**** SOURCE DATA

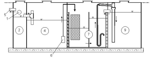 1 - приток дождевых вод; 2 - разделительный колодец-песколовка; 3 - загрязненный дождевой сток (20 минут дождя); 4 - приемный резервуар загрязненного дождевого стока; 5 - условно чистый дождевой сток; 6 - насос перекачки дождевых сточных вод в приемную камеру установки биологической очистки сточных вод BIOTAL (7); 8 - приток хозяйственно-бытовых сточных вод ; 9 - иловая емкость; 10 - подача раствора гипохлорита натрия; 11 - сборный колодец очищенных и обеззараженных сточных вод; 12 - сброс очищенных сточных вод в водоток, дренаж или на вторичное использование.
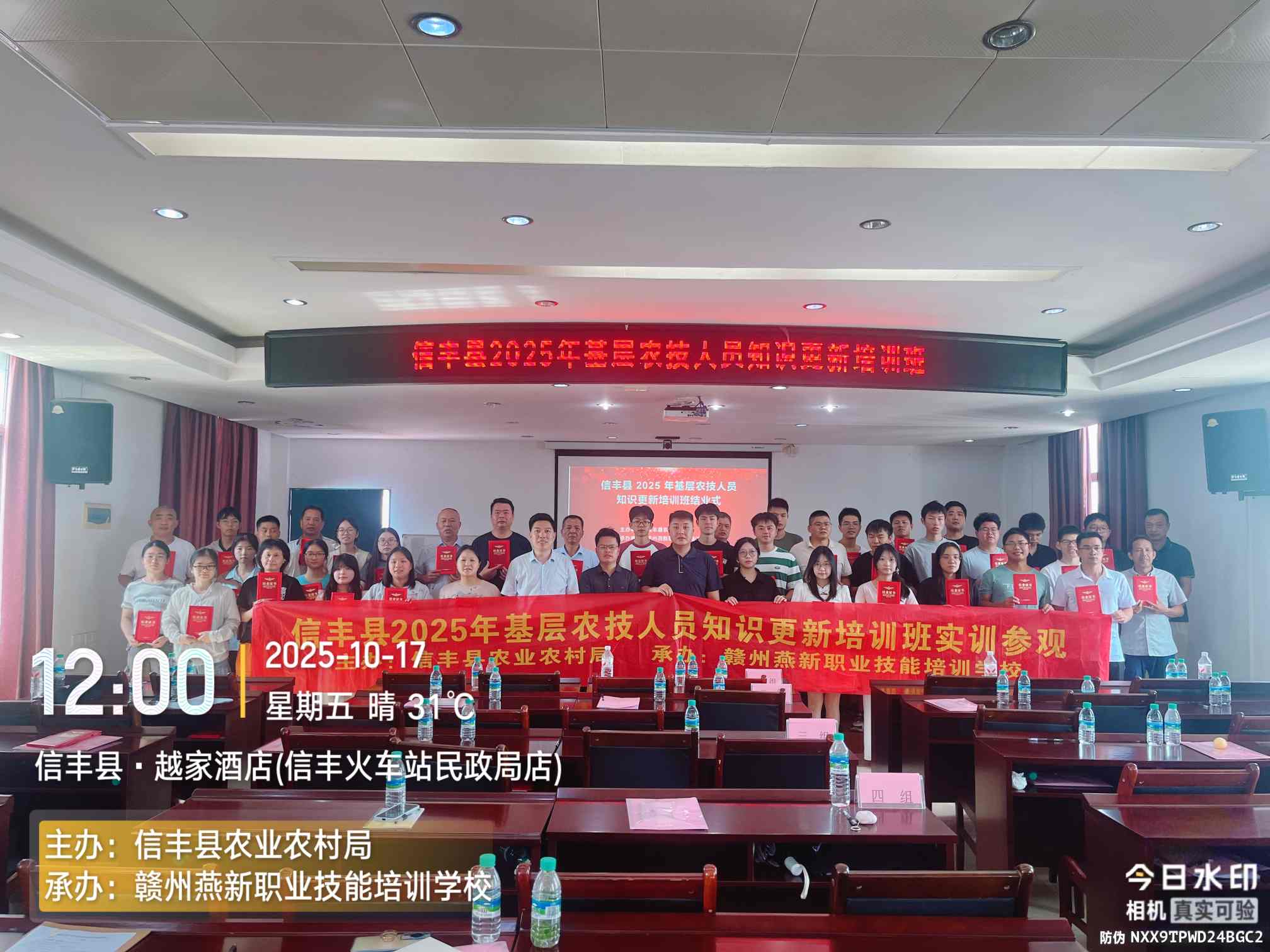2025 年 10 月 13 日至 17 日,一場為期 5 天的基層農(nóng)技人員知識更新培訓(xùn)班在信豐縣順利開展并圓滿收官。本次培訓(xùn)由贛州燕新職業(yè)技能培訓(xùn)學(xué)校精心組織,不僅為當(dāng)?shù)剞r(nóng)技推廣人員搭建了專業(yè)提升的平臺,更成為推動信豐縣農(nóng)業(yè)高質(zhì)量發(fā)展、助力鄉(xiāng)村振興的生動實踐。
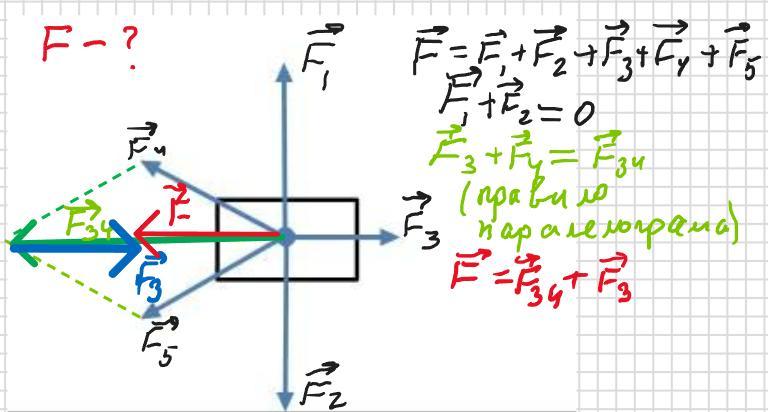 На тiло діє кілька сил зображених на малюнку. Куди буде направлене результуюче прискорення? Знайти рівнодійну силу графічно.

********

WHAT IS REQUIRED:
Could you write out the whole listing exactly, dropping the pictures?

YOUR RESPONSE:
 1 - приток дождевых вод; 2 - разделительный колодец-песколовка; 3 - загрязненный дождевой сток (20 минут дождя); 4 - приемный резервуар загрязненного дождевого стока; 5 - условно чистый дождевой сток; 6 - насос перекачки дождевых сточных вод в приемную камеру установки биологической очистки сточных вод BIOTAL (7); 8 - приток хозяйственно-бытовых сточных вод ; 9 - иловая емкость; 10 - подача раствора гипохлорита натрия; 11 - сборный колодец очищенных и обеззараженных сточных вод; 12 - сброс очищенных сточных вод в водоток, дренаж или на вторичное использование.
2025 年 10 月 13 日至 17 日,一場為期 5 天的基層農(nóng)技人員知識更新培訓(xùn)班在信豐縣順利開展并圓滿收官。本次培訓(xùn)由贛州燕新職業(yè)技能培訓(xùn)學(xué)校精心組織,不僅為當(dāng)?shù)剞r(nóng)技推廣人員搭建了專業(yè)提升的平臺,更成為推動信豐縣農(nóng)業(yè)高質(zhì)量發(fā)展、助力鄉(xiāng)村振興的生動實踐。
 На тiло діє кілька сил зображених на малюнку. Куди буде направлене результуюче прискорення? Знайти рівнодійну силу графічно.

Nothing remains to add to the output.